A faithful copy of the data, pictures omitted, is the required answer.

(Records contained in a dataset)
----
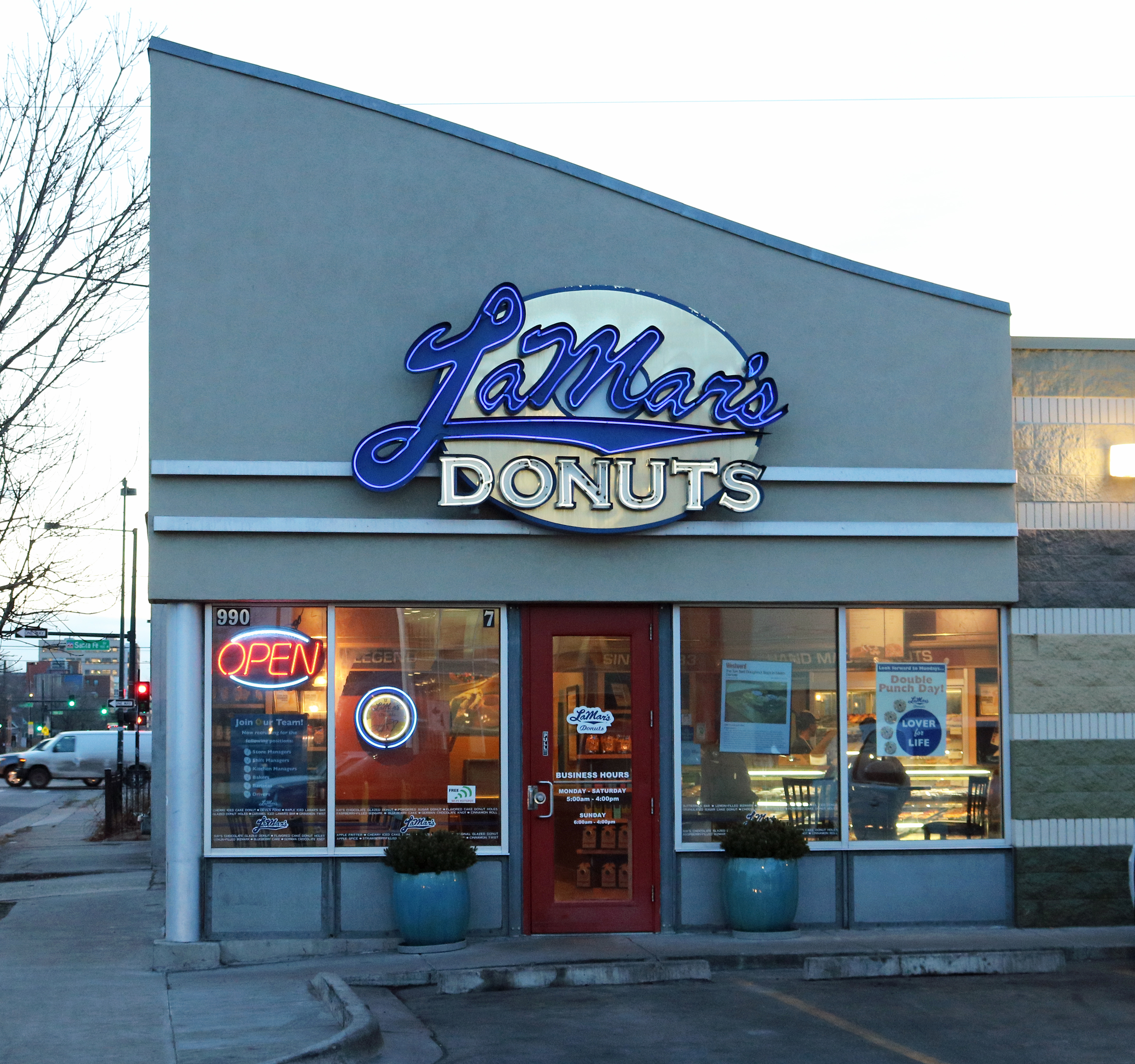 The LaMar's Donuts store located at 990 West 6th Avenue in Denver, Colorado.
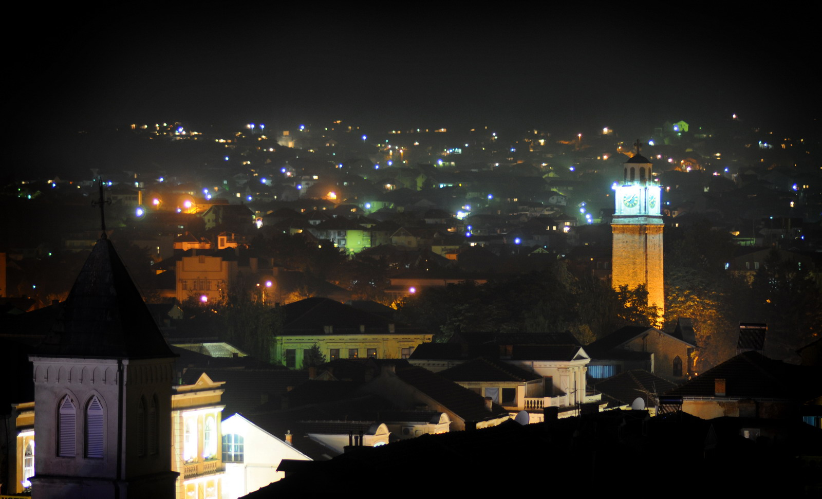 The Clock Tower of Bitola, known as Saat Kula (Macedonian: Саат кула), is a clock tower and one of the landmarks of the Macedonian city Bitola. The Clock tower in Bitola, unlike obsolete water towers which were built by the Austro Magjar empire, is a very practical monument aiding people with the time of day.[1] According to the legends, even though the existence of the Clock Tower was mentioned before in the 1664 (17th century), present Clock Tower was built in the 1830s, in the same period when nearby, the Orthodox Church of St. Demetrious was built
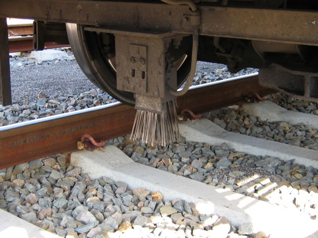 see Le Crocodile for informations
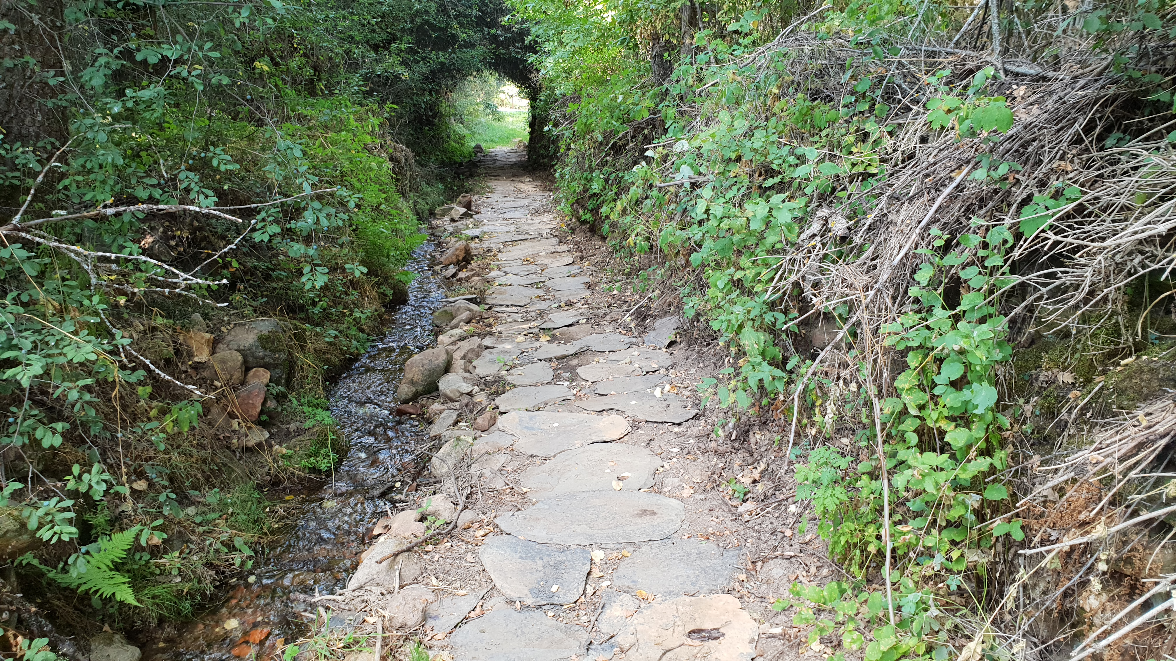 El Cañal de Valdavido
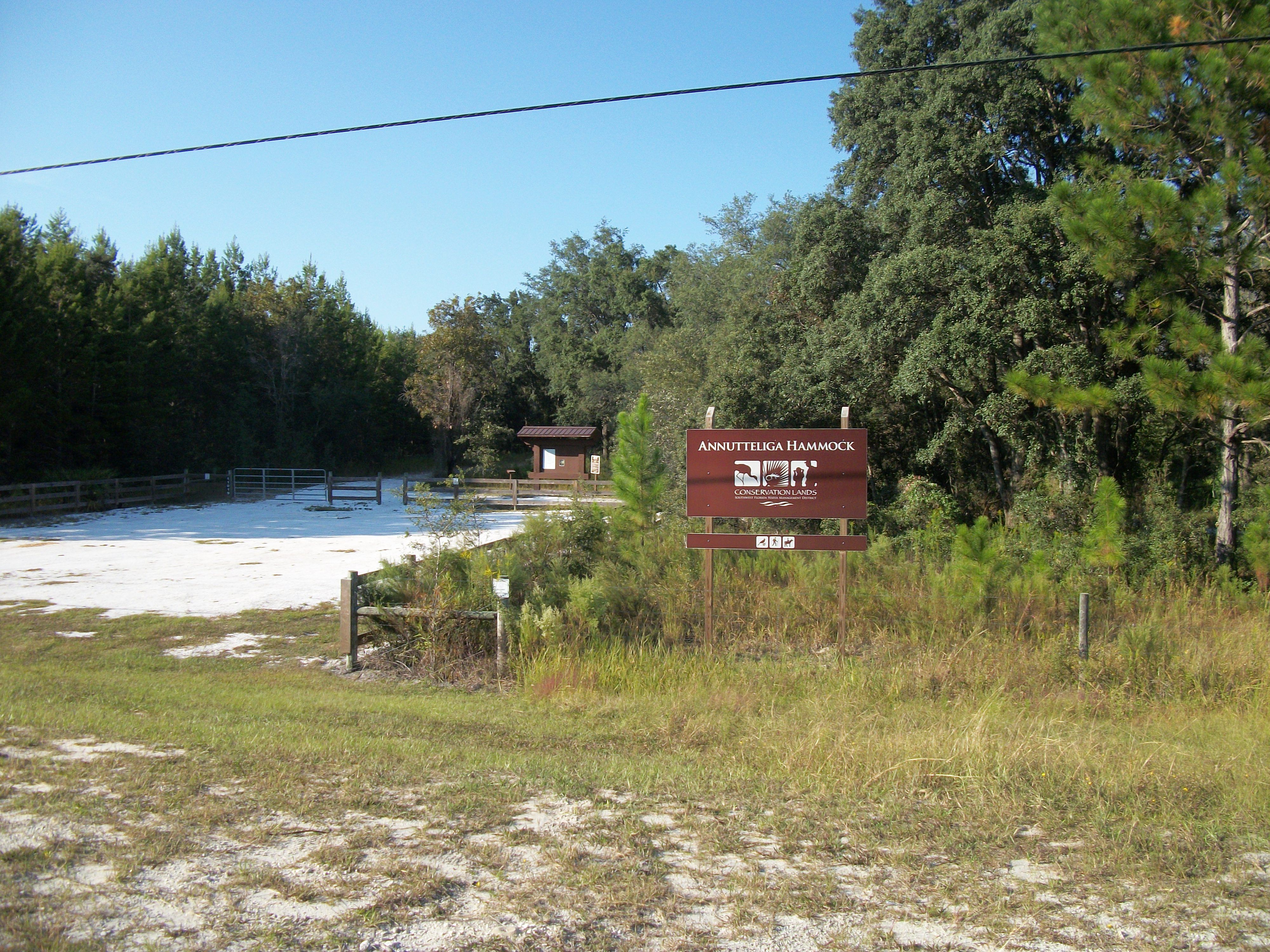 Sign for the Annutteliga Hammock SWFMD Preserve on Hernando County Road 476 in Northwestern Hernando County, Florida.
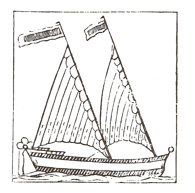 A 17th Century woodcut of a Bermudian sailing vessel, displaying the triangular sails of the Bermuda rig. Source Reproduced in Sailing in Bermuda: Sail Racing in the Nineteenth Century, by J.C. Arnell.
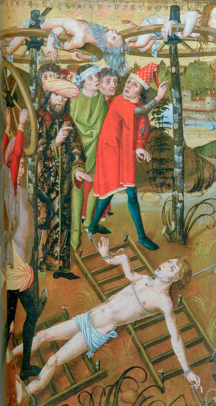 Breaking with the wheel
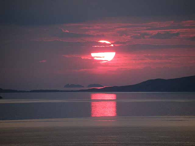 Sunset over Bills Rocks Bills Rocks are two tiny islands set far out in the mouth of Clew Bay. Here seen from the hillside above Killeen over 25 Km away. The nearer land is the low-lying promontory at the south-west corner of Clare Island.
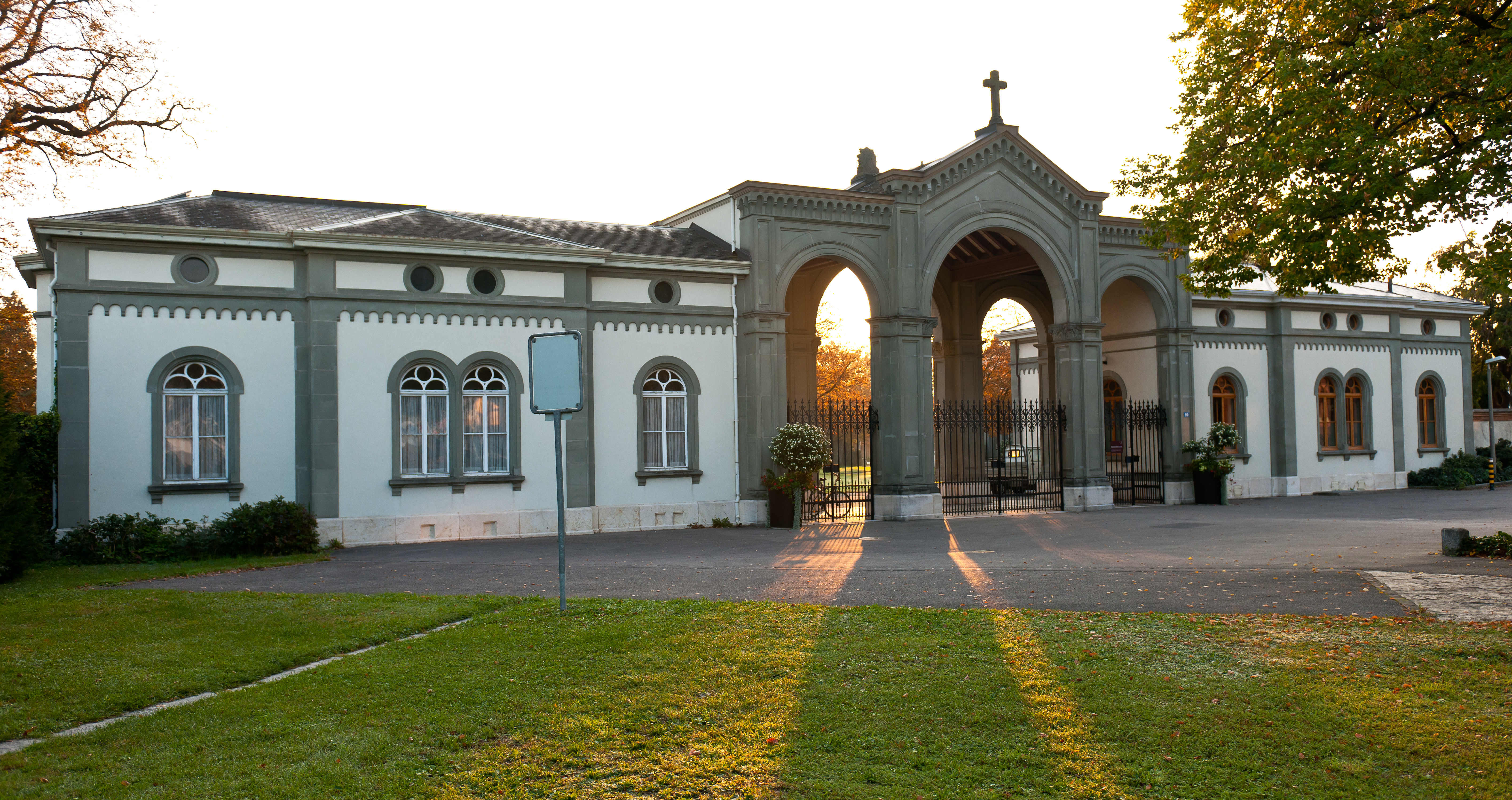 The main gate of the cemetery Wolfgottesacker in Basel
----
> [WRITTEN ANSWER]:
 The LaMar's Donuts store located at 990 West 6th Avenue in Denver, Colorado.
 The Clock Tower of Bitola, known as Saat Kula (Macedonian: Саат кула), is a clock tower and one of the landmarks of the Macedonian city Bitola. The Clock tower in Bitola, unlike obsolete water towers which were built by the Austro Magjar empire, is a very practical monument aiding people with the time of day.[1] According to the legends, even though the existence of the Clock Tower was mentioned before in the 1664 (17th century), present Clock Tower was built in the 1830s, in the same period when nearby, the Orthodox Church of St. Demetrious was built
 see Le Crocodile for informations
 El Cañal de Valdavido
 Sign for the Annutteliga Hammock SWFMD Preserve on Hernando County Road 476 in Northwestern Hernando County, Florida.
 A 17th Century woodcut of a Bermudian sailing vessel, displaying the triangular sails of the Bermuda rig. Source Reproduced in Sailing in Bermuda: Sail Racing in the Nineteenth Century, by J.C. Arnell.
 Breaking with the wheel
 Sunset over Bills Rocks Bills Rocks are two tiny islands set far out in the mouth of Clew Bay. Here seen from the hillside above Killeen over 25 Km away. The nearer land is the low-lying promontory at the south-west corner of Clare Island.
 The main gate of the cemetery Wolfgottesacker in Basel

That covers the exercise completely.